INSTRUCTIONS FOR THE TASK:
Take nothing but the lines from the one with "Natural gas prices" through the one with "Shop Off-Shoulder Leopard" in the entries below, both ends kept, and return them exactly with pictures left out.
PROVIDED RECORDS Start Marker
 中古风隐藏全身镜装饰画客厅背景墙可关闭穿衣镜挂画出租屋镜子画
PROVIDED RECORDS End Marker
PROVIDED RECORDS Start Marker
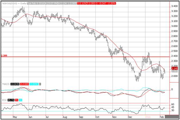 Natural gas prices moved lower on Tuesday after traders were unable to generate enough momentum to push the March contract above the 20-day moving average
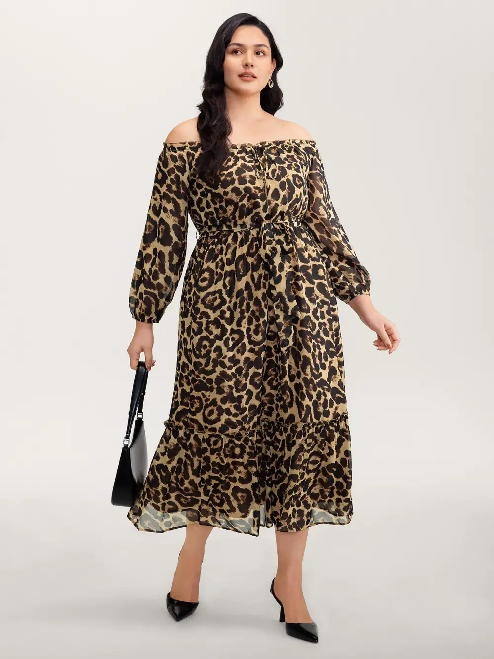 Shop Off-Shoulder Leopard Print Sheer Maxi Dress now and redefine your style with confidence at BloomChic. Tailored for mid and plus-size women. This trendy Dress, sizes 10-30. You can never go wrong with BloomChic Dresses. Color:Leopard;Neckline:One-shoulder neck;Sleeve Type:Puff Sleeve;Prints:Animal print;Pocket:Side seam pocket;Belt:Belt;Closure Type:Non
PROVIDED RECORDS End Marker
REPLY TO THE TASK:
 Natural gas prices moved lower on Tuesday after traders were unable to generate enough momentum to push the March contract above the 20-day moving average
 Shop Off-Shoulder Leopard Print Sheer Maxi Dress now and redefine your style with confidence at BloomChic. Tailored for mid and plus-size women. This trendy Dress, sizes 10-30. You can never go wrong with BloomChic Dresses. Color:Leopard;Neckline:One-shoulder neck;Sleeve Type:Puff Sleeve;Prints:Animal print;Pocket:Side seam pocket;Belt:Belt;Closure Type:Non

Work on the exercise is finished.